Starting at the first line of the listing below, repeat each line exactly until you have repeated the one containing "Homepage: www.bernd-kittendorf.de |"; skip the pictures.

****

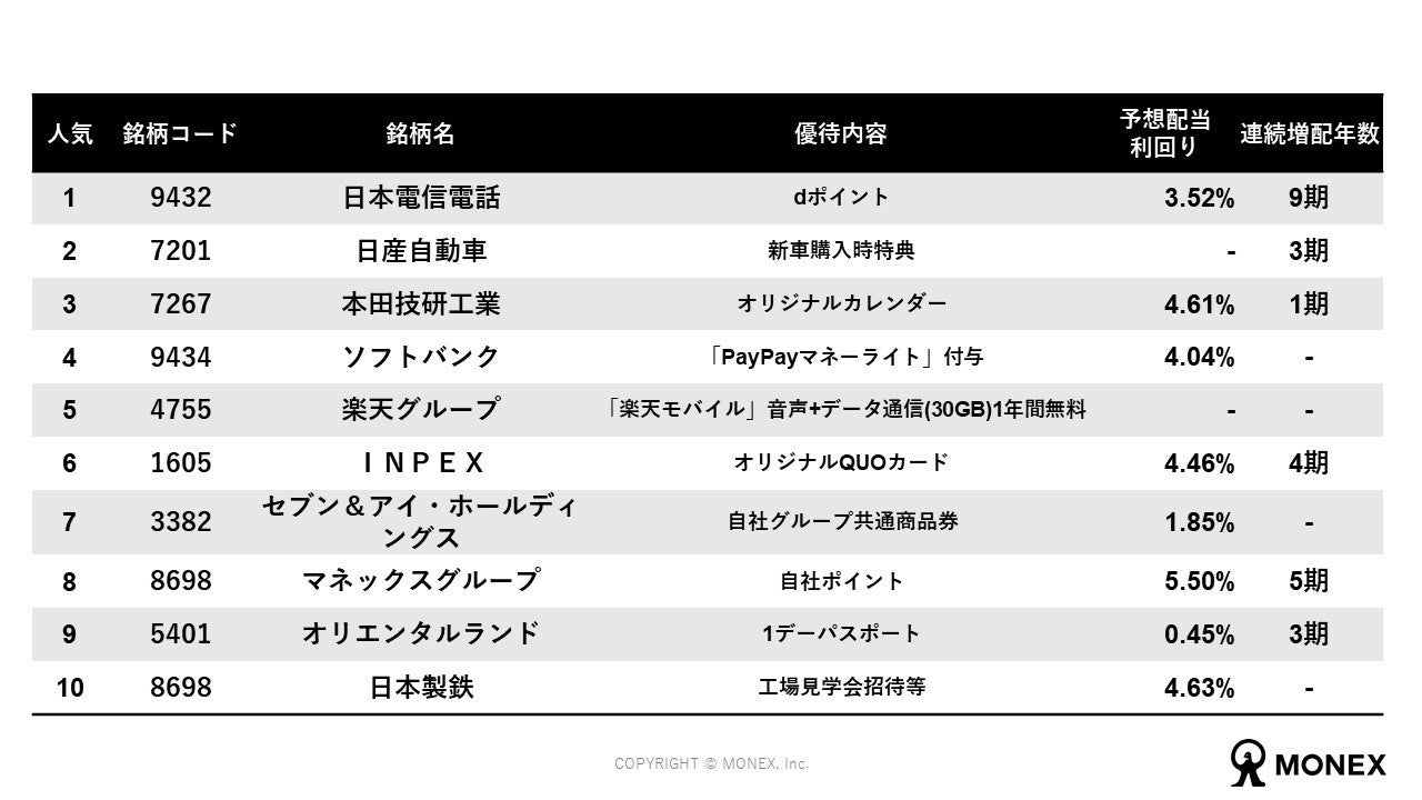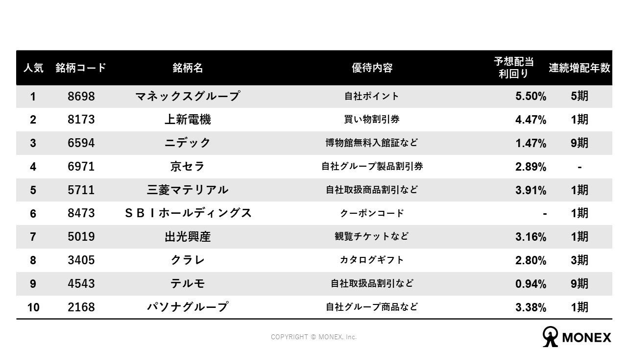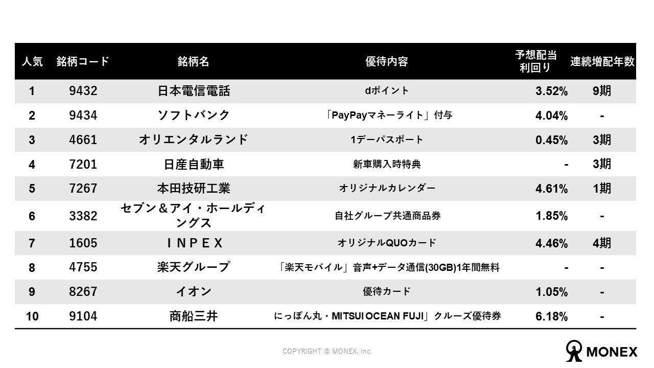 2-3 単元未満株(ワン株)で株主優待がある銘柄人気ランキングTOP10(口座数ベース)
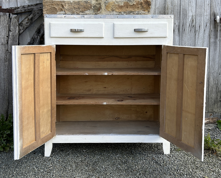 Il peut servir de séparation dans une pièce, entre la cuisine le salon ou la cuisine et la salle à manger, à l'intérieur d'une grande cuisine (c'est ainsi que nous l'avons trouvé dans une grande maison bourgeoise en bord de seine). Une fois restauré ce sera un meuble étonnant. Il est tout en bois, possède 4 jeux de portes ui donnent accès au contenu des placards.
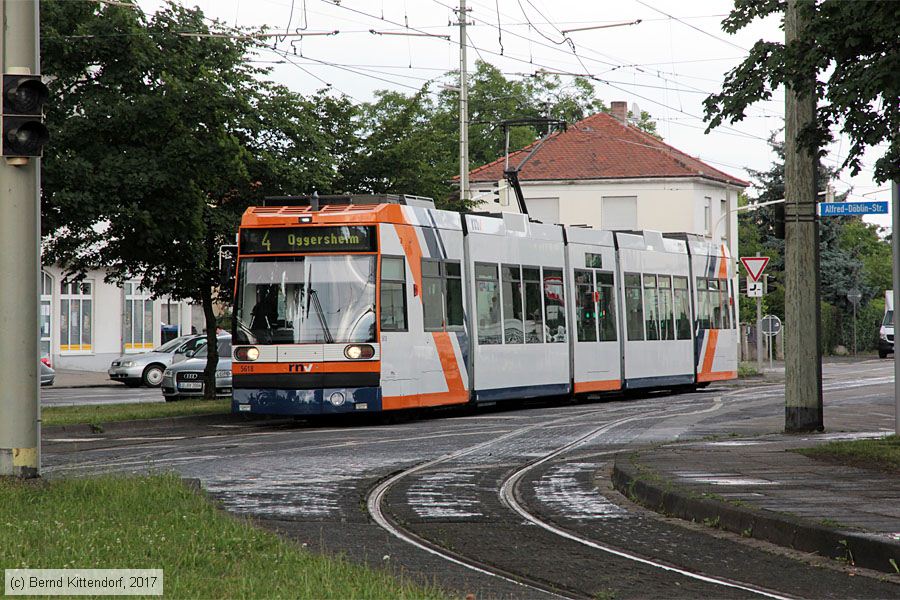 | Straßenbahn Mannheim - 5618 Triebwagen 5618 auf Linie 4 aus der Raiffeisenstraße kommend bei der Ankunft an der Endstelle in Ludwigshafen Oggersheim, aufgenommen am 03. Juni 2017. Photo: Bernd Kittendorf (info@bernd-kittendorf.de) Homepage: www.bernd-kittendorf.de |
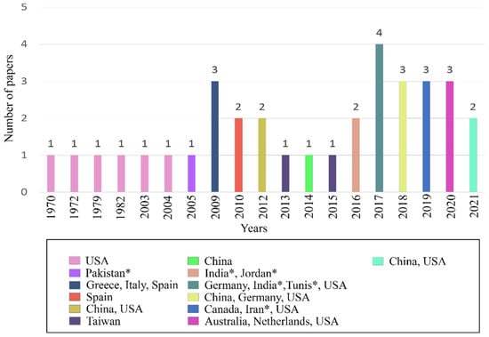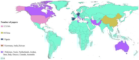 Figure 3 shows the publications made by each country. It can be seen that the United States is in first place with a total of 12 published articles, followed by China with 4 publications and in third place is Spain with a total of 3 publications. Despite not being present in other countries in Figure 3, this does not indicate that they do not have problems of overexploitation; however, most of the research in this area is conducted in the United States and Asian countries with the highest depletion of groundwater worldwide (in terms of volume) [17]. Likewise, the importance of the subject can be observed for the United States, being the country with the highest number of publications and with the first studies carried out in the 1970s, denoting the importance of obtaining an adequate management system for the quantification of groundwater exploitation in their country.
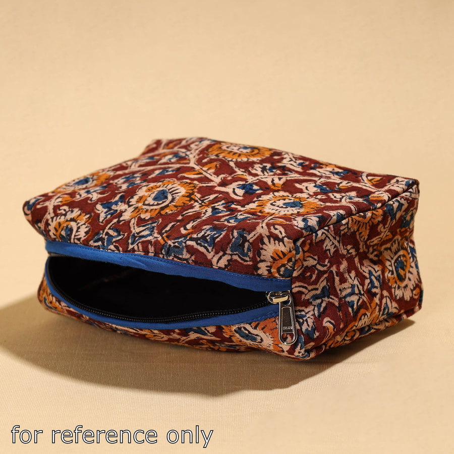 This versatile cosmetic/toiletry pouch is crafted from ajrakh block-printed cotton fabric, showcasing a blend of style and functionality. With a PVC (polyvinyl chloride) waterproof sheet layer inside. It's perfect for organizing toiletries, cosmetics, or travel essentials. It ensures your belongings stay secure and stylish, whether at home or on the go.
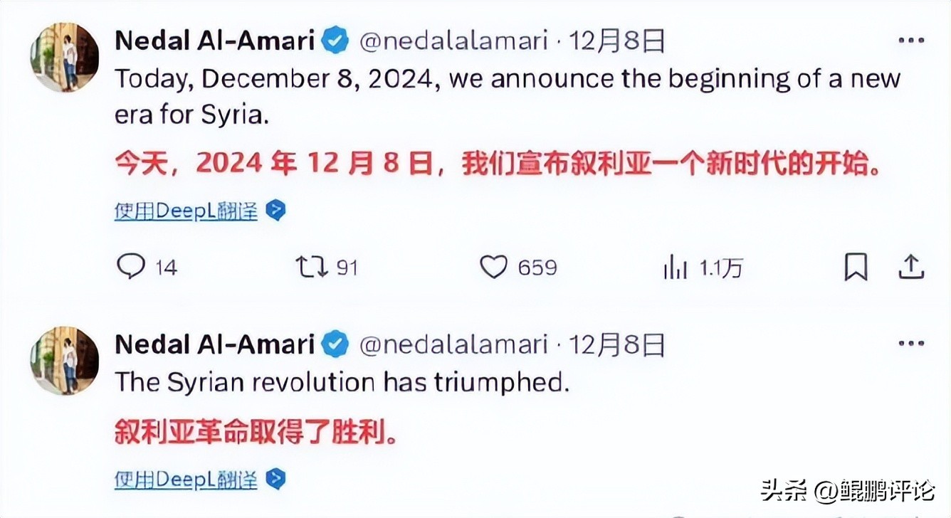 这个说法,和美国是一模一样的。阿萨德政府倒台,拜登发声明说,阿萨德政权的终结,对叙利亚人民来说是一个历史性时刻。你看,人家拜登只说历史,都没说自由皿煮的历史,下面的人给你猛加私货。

****

▸ **EXERCISE RESULT**
 2-3 単元未満株(ワン株)で株主優待がある銘柄人気ランキングTOP10(口座数ベース)
 Il peut servir de séparation dans une pièce, entre la cuisine le salon ou la cuisine et la salle à manger, à l'intérieur d'une grande cuisine (c'est ainsi que nous l'avons trouvé dans une grande maison bourgeoise en bord de seine). Une fois restauré ce sera un meuble étonnant. Il est tout en bois, possède 4 jeux de portes ui donnent accès au contenu des placards.
 | Straßenbahn Mannheim - 5618 Triebwagen 5618 auf Linie 4 aus der Raiffeisenstraße kommend bei der Ankunft an der Endstelle in Ludwigshafen Oggersheim, aufgenommen am 03. Juni 2017. Photo: Bernd Kittendorf (info@bernd-kittendorf.de) Homepage: www.bernd-kittendorf.de |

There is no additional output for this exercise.